TASK STATEMENT
The answer should consist of the full listing below, repeated exactly and free of pictures.

DATASET EXCERPT
━━━━━━━━━━━━━━━━
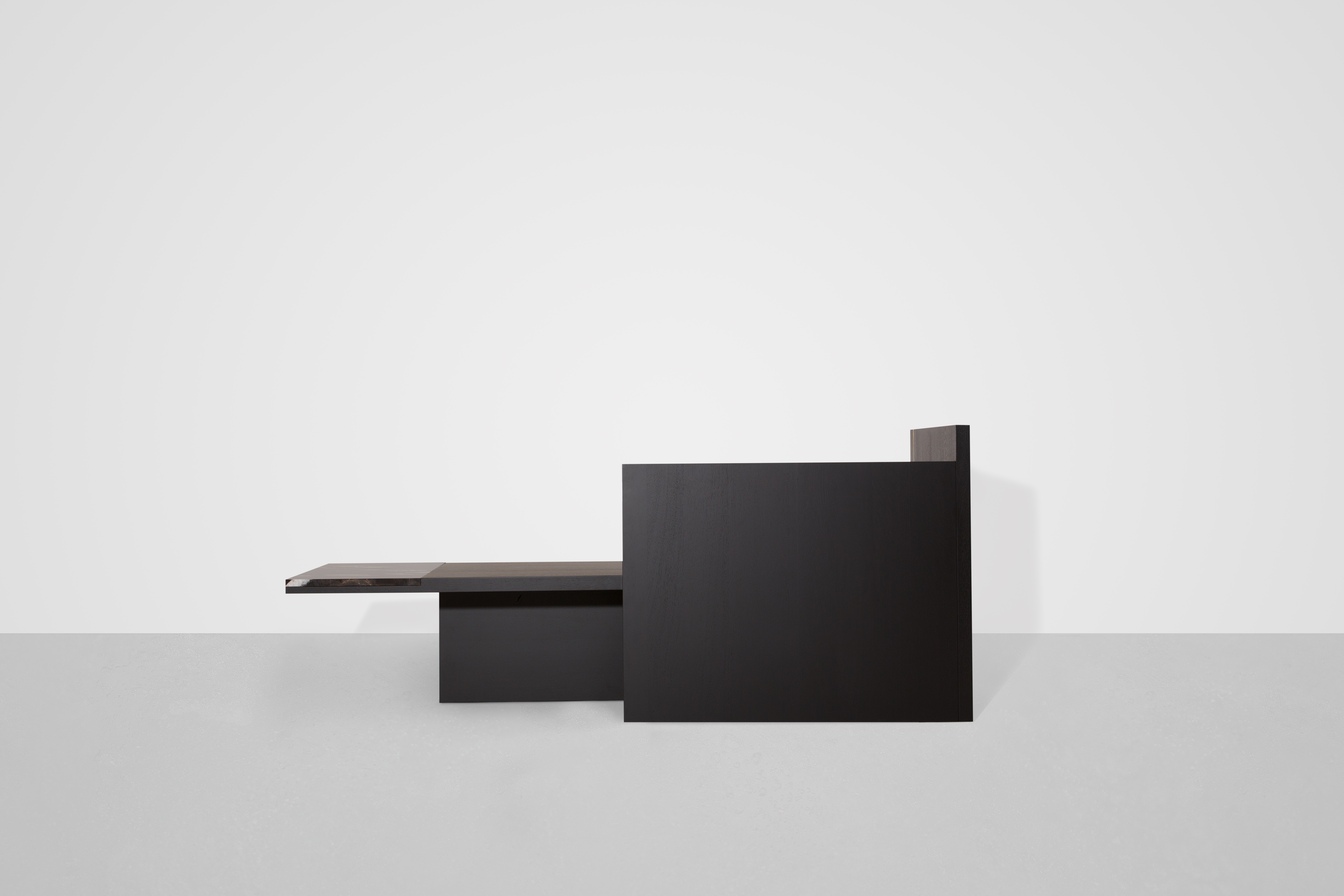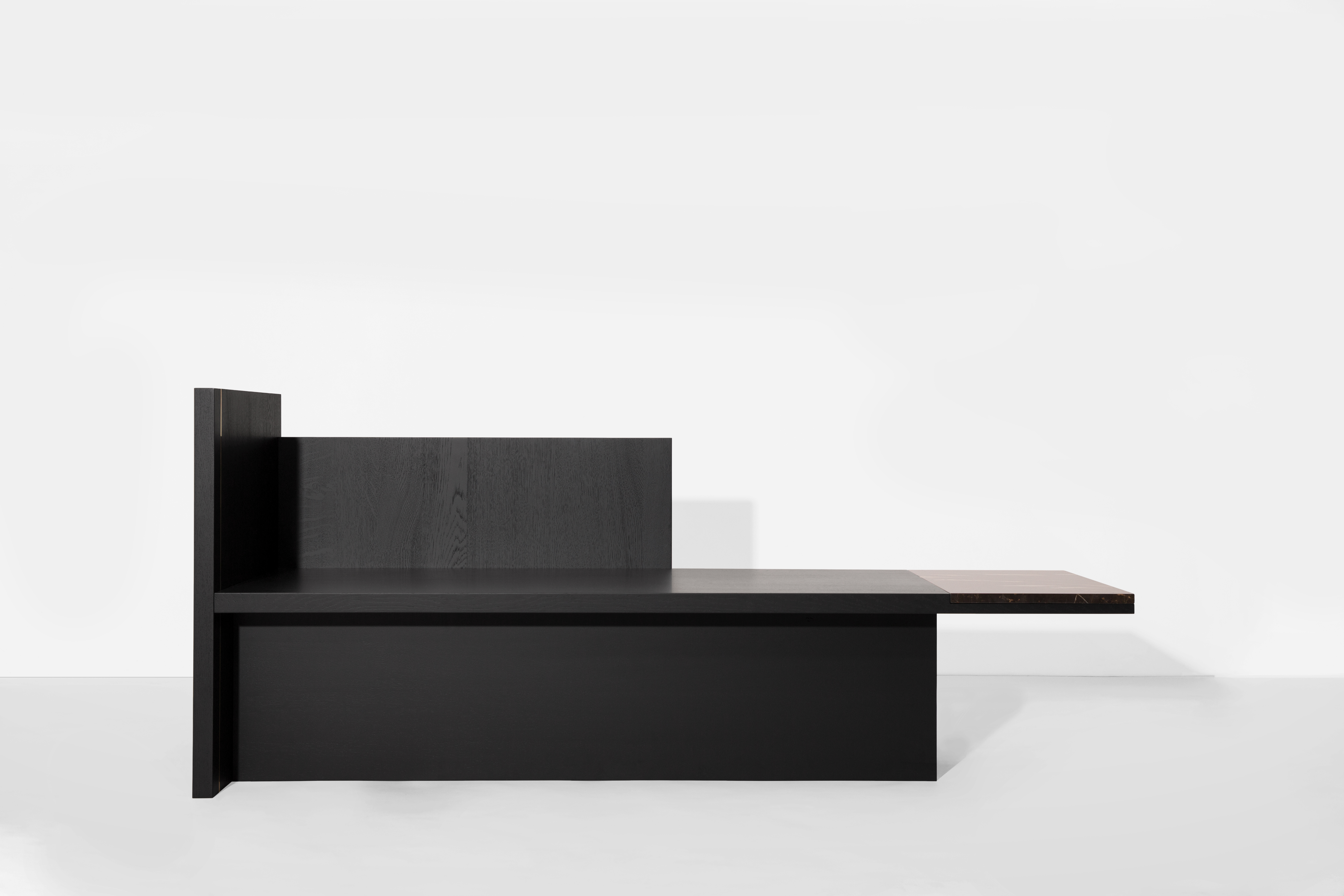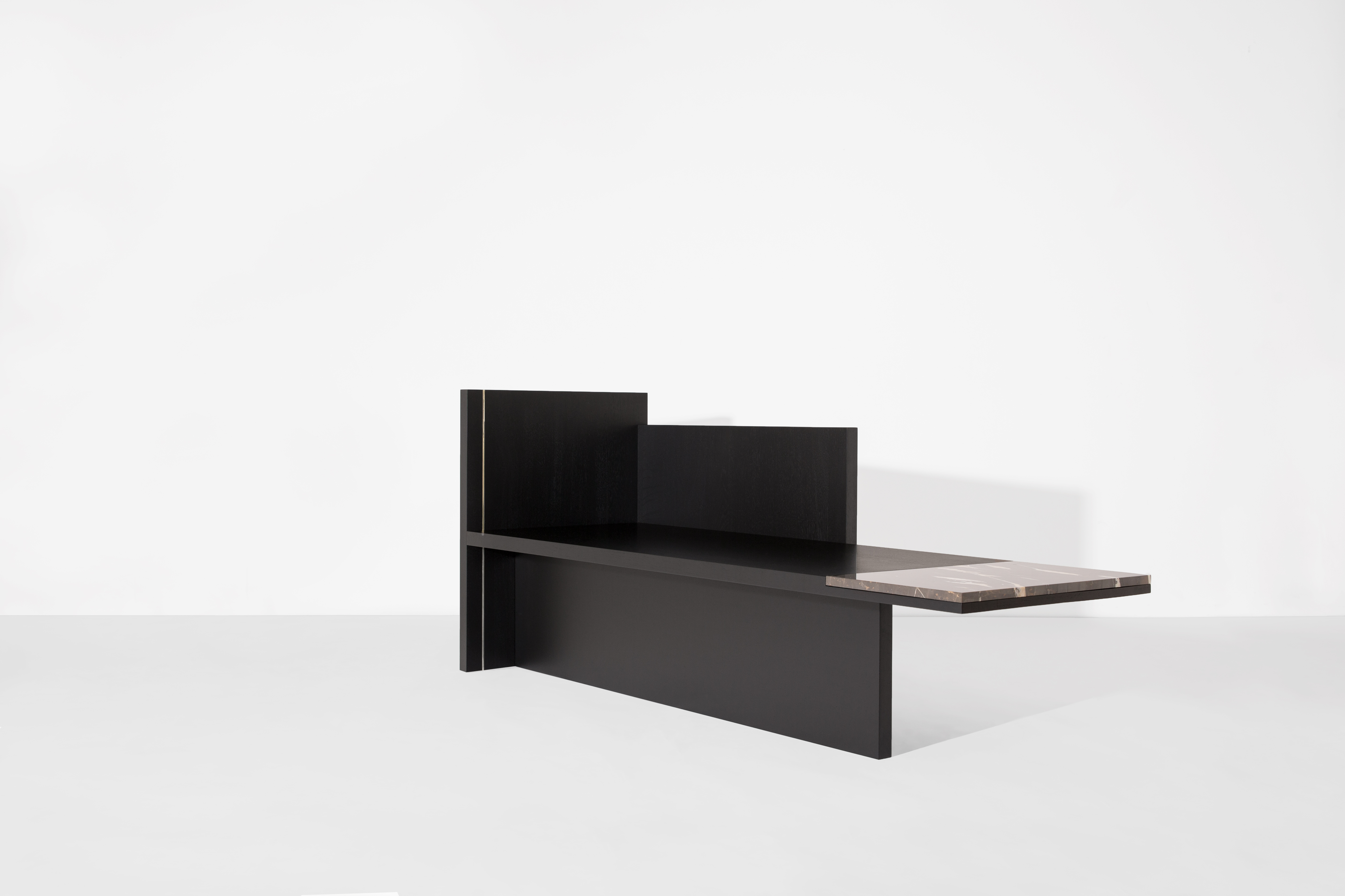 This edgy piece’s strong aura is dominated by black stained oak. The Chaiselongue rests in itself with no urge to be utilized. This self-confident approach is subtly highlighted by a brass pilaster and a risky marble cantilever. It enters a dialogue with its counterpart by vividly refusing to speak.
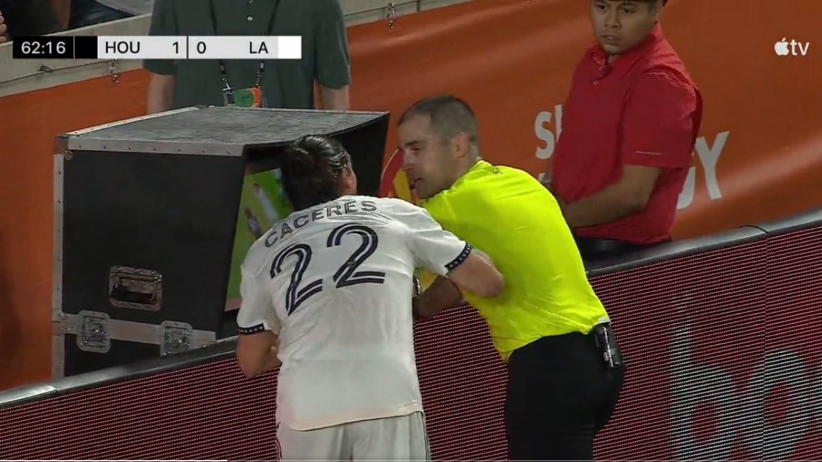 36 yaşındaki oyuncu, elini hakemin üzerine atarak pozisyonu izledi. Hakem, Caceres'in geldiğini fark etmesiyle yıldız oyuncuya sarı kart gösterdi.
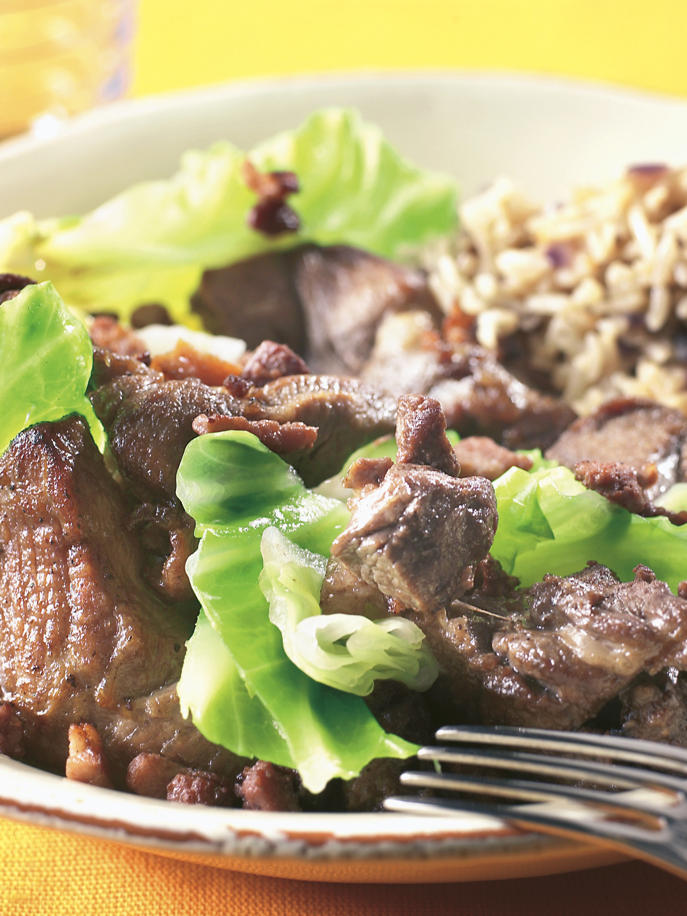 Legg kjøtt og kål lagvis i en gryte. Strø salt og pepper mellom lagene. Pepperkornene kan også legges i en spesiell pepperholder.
━━━━━━━━━━━━━━━━
ANSWER SECTION
 This edgy piece’s strong aura is dominated by black stained oak. The Chaiselongue rests in itself with no urge to be utilized. This self-confident approach is subtly highlighted by a brass pilaster and a risky marble cantilever. It enters a dialogue with its counterpart by vividly refusing to speak.
 36 yaşındaki oyuncu, elini hakemin üzerine atarak pozisyonu izledi. Hakem, Caceres'in geldiğini fark etmesiyle yıldız oyuncuya sarı kart gösterdi.
 Legg kjøtt og kål lagvis i en gryte. Strø salt og pepper mellom lagene. Pepperkornene kan også legges i en spesiell pepperholder.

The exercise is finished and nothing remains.